Quei Primavera che non sbocciano con la maglia del Toro

Quei Primavera che non sbocciano con la maglia del Toro

Il Granata della Porta Accanto / Barreca ormai al Monaco, Bonifazi “oscurato” dall’arrivo di Izzo: non resta che confidare in Edera

di Alessandro Costantino

 In un calciomercato sconvolto dall’affare Cristiano Ronaldo/Juve, il Torino piazza il suo primo colpo prendendo Izzo dal Genoa per la non proprio modica cifra di 10 milioni di euro. Non sta a me dire se il difensore napoletano vale quella cifra e merita il ragguardevole stipendio di 1,2 milioni di euro a stagione che lo colloca nel lotto dei giocatori più pagati della squadra granata. Ciò che invece mi preme fare è inquadrare come si muove il Torino all’ombra del colpo che, se verrà ufficializzato, sancirà la fine di ogni possibile competizione all’interno del nostro campionato di serie A. Ronaldo alla Juve è come far correre il Tour de France a Froome in motorino. Ma è proprio quando la sostenibilità di una equa sfida viene meno che occorrerebbe sapersi distinguere con un atteggiamento alternativo che sappia uscire dagli schemi mainstream dove non c’è possibilità di competere. Cosa fa quindi in questo senso il Torino?

Di sicuro cercare profilli ancora non noti ma dalle ottime potenzialità come furono Lyanco e Milinkovic Savic l’anno scorso e come potrebbero esserlo Verissimo o Bremer quest’anno è una buona strategia sebbene non originalissima: una strada battuta da molti che non rende “unico” chi la percorre perché non definisce un vero e proprio “marchio di fabbrica” (l’Udinese ci si stava avvicinando a metterci una sorta di copyright). Un secondo filone sul quale insistere potrebbe, invece, essere quello di puntare molto sui giovani che escono dal proprio vivaio, come ad esempio in questi anni sta facendo con profitto l’Atalanta, ma come, in realtà, storicamente ha sempre fatto anche il Toro per larga parte della sua lunga storia.

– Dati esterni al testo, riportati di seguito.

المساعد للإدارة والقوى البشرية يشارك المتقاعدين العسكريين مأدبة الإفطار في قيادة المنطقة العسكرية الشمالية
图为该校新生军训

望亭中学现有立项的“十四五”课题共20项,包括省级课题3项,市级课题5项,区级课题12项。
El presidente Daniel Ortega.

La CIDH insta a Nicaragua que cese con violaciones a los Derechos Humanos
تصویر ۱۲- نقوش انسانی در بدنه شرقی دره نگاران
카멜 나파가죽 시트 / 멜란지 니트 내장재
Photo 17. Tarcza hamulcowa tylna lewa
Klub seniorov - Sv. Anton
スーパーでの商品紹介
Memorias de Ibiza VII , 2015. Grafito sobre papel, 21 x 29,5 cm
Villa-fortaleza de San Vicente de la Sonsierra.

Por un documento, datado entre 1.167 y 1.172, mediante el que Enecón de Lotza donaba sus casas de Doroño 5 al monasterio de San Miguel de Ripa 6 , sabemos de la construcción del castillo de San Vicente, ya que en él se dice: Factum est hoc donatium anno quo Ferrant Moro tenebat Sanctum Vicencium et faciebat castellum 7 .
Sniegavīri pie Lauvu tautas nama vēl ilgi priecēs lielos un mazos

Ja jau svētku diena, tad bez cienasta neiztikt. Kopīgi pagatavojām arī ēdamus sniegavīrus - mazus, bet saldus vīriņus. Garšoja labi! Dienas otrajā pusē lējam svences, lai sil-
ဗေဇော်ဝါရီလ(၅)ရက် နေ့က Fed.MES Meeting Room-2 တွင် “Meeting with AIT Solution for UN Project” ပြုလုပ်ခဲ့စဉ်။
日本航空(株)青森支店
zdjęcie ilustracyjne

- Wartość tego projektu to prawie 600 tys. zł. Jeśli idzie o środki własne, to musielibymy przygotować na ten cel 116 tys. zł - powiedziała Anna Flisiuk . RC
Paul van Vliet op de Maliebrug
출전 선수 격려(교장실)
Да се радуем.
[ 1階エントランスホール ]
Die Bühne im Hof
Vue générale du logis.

Qui, sugli ex Primavera intendo, sembra che la strategia societaria sia però meno determinata ed incisiva. La Primavera lavora bene da almeno un lustro, ma quasi nessuno dei suoi prospetti si è ancora affermato definitivamente non solo nel Toro, ma neppure nel calcio professionistico di alto livello. Si potrebbe liquidare la cosa concludendo che allora i giocatori usciti dal vivaio del Toro non sono, o non sono stati, all’altezza di affermarsi in serie A perché probabilmente non avevano, o non hanno, sufficiente qualità e personalità per farlo. In parte è così sicuramente. In parte però dipende anche da quanto la società crede in questi ragazzi e quanto spazio è disposta a concedergli per maturare adeguatamente. Il calcio è pieno di giocatori giovani sbolognati che poi si affermano altrove: Darmian, Benassi o Verdi sono casi emblematici che, in un senso o nell’altro, hanno avuto a che fare col Toro. L’attualità però ci porta a riflettere sui vari Barreca, Bonifazi ed Edera (tralasciando i vari Giraudo, Segre, Cucchietti, ecc.), perché i primi due sono in odore di cessione, mentre l’ultimo sembra l’unico con chance di restare. Il terzino sinistro di San Francesco al Campo sembrava essere esploso due stagioni fa con Miha, salvo, complice anche una fastidiosa pubalgia, rientrare nell’anonimato nella stagione passata.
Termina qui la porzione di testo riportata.